04
一年前。
どこかの鉄骨が、限界を超えてせん断を起こした。
その瞬間の、鈍くて重い破壊音。それが廃区画全体に不吉な地鳴りとして響き渡る。
音の発生元からあふれ出した塵。微細なコンクリートの粒子が、天井の隙間から差し込む光の筋の中に浮かび上がり、まるで淀んだ水中のようにゆっくりと漂っていた。
居住区画の廃棟のひとつ。それが、ついに構造上の許容限界を迎えたのだ。
長期間放置され、内部から腐食が進んだ巨大な構造物が静かに倒壊していく光景。それはこの下層では決して珍しいものではない。足元の地盤や頭上の天井が、いつ崩落するかを常に計算しながら歩く。それがここで生きる者たちの常識だ。
いつものことだ。そう判断し、マッピングを更新して迂回ルートを歩き始めたとき、瓦礫の向こうから微かな声がした。
大量の粉塵に掻き消されそうなほど細い波長。

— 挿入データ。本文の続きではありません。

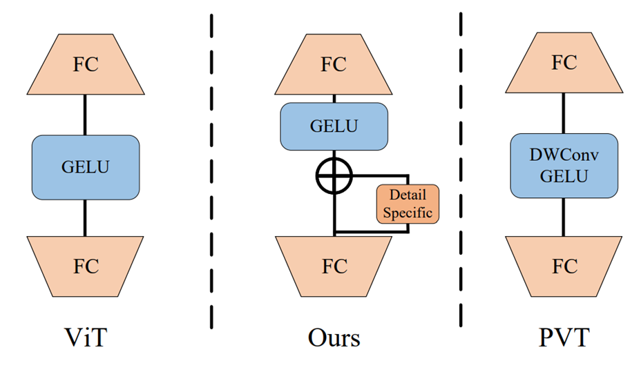 그래서 제안하는 방법도 역시나 Depth-wise convolution을 사용하고는 싶은데 그저 FC 레이어 중간에 끼어넣으면 PVT랑 크게 다른 바가 없기 때문에 이렇게 Detail-Specific이라는 모듈까지 붙여나가며 Residual 형식으로 연산을 수행하는 것을 볼 수 있습니다.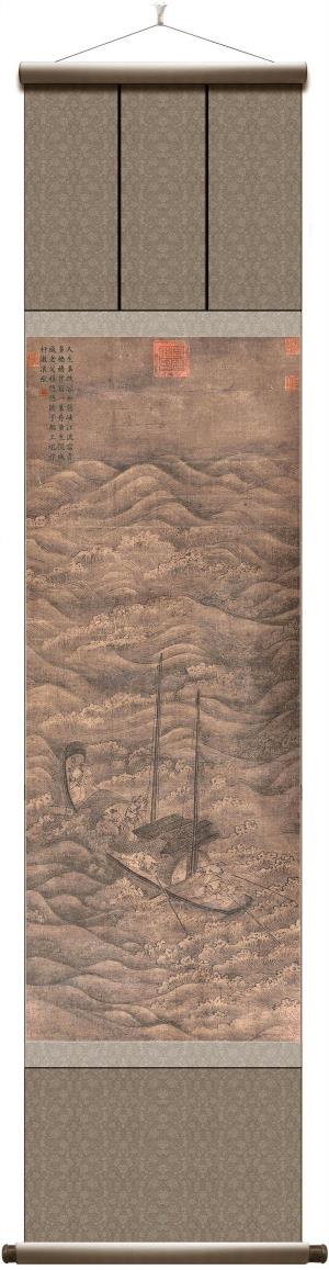 所藉南宋•李唐《出峡图》,立轴,绢本,水墨,画幅纵115厘米,横45厘米。

だが、人間の声帯から発せられた声だった。
崩壊の余波が残る瓦礫付近。そこを進むには、目で安全を確認するより、足裏のセンサーで体重の乗せ方を少しずつ変えながら進む方が確実だ。
崩落直後の不安定な地盤。それは一歩踏み込むたびに、荷重のバランスによって下の状態が大きく変わる。

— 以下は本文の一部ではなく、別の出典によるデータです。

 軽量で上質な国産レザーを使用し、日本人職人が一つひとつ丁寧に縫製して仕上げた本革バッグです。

振動の減衰と、瓦礫がこすれ合う微細な摩擦音。その感触だけを頼りに慎重に進むと、V字に折れ曲がって崩落した巨大な梁の下に、二つの小さな影があった。
少年と、それよりさらに小柄な少女。
少年の右足首。それが、落下したH鋼の鋭利な端部に完全に挟み込まれ、身動きが取れない状態だった。
少女は、少年の左腕を両手でしっかりと掴んだまま、決して離そうとしなかった。
子どもの腕力で引っ張ったところで、数トンの鉄骨がびくともするはずがない。それをしっかりと理解していながら、本能的に手を離すことができない。そういう、悲痛で強烈な握り方だった。
近づいた俺の足音に気づき、少年の目が俺を捉える。
その瞳に浮かんでいたのは、子どもらしい恐怖や、助けが来たことへの安堵ではなかった。俺という人間の価値を瞬時に見極めようとする値踏みの色だ。

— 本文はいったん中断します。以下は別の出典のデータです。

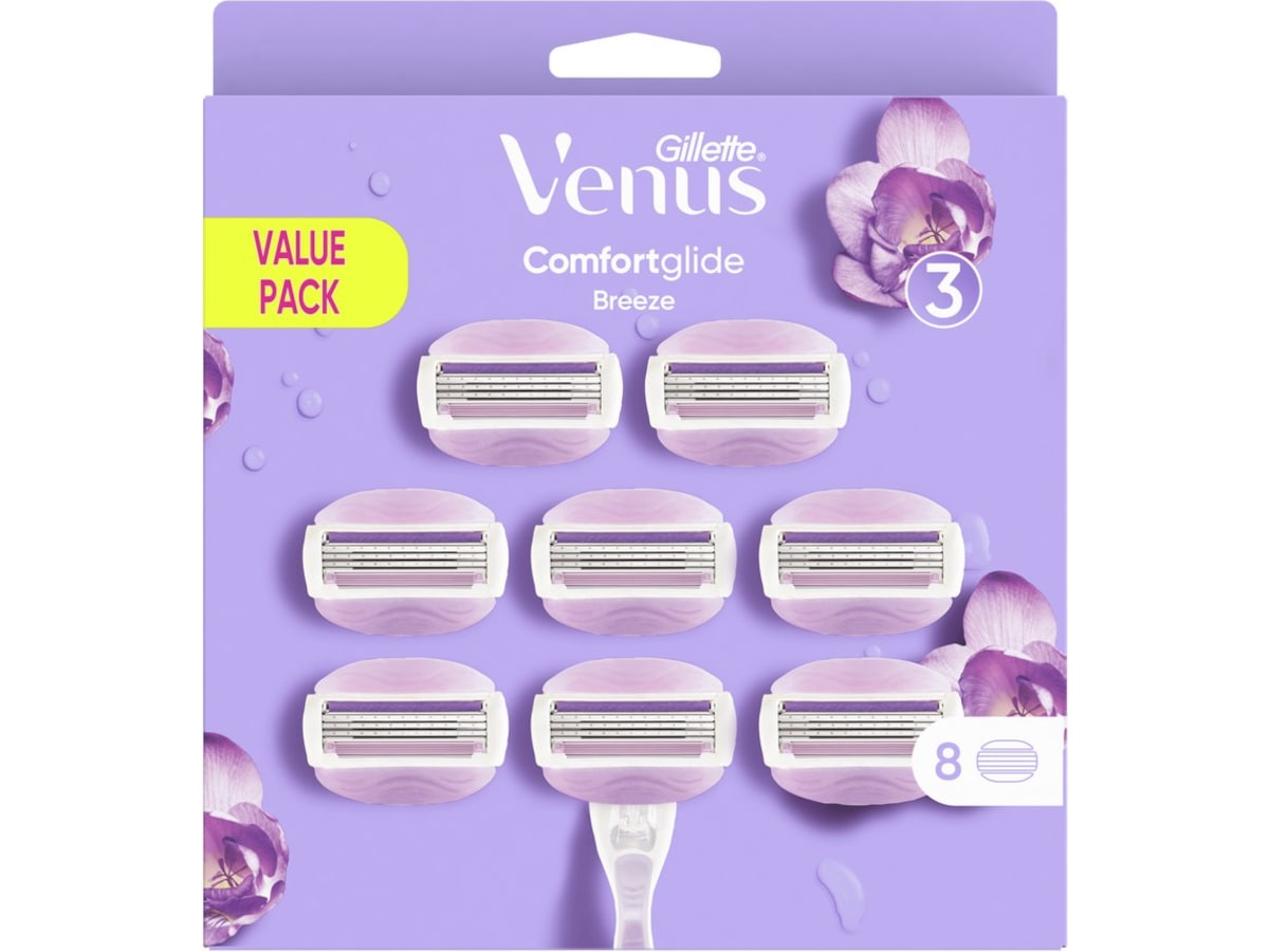 - BLADREFILLER: 8 Comfortglide Breeze bladrefiller til kvinner, hvert med 3 innebygde blader som gir en glatt og tett barbering som varer

こいつは純粋に助けに来たのか、それとも身ぐるみを剥ぐという別の目的があってここにいるのか。
生き延びることに慣れきった、冷たい野良犬の目だった。
「……動くな」
俺は少年ではなく、少年の足を拘束している鉄骨の構造を見た。
そのまま上に持ち上げようとすれば、H鋼が逆にねじれて足首への圧力が増大し、骨を完全に粉砕する。強引に足を引き抜こうとすれば、錆びた端部の鋭い断面が皮膚と肉を削り落とし、致命傷ともなりかねない出血を招く。
鉄骨の三メートル先。そこに半ば崩れた巨大なコンクリートブロックが転がっているのを視界に収める。
それを支点にして鉄骨を横方向にずらせば、少年の足が抜けるわずかな隙間を生み出せると判断した。
俺は外骨格であるリグのフレームを、H鋼の下端に密着させる。
荷重を面で分散させながら、腰の回転トルクを使って斜め上方へと押しだす。
足裏から地面への荷重逃がしと、全身の連動。数トンの質量を持つ鋼鉄の塊が重力に逆らって、ミリ単位で浮き上がり始める。
だが、想定が甘かった。
ブロックとの接触部。そこで鉄骨が耳障りな金属音を立ててきしむ。このまま単一方向へ力をかけ続ければ、支点にしているブロックそのものが割れてしまう。
体勢を低く沈める。腰から力をかけ直し、今度はリグのフレーム全体を一枚の強固な壁として扱うように、体全体で鉄骨を押し込んだ。
その瞬間、俺の右肩の奥で「ギュ……」と不快な音が鳴った。
腕の人工筋繊維。それが急激なトルクの増加を受けて、耐えきれずに粘りのある抵抗を起こした異音だ。
少年が、そのかすかな駆動音を聞き逃さなかった。
鉄骨の重さに押し潰されそうで、苦痛に顔を歪ませていたはずなのに、その瞬間だけ表情がスッと消えた。値踏みの目が、俺を探る目へと変化していた。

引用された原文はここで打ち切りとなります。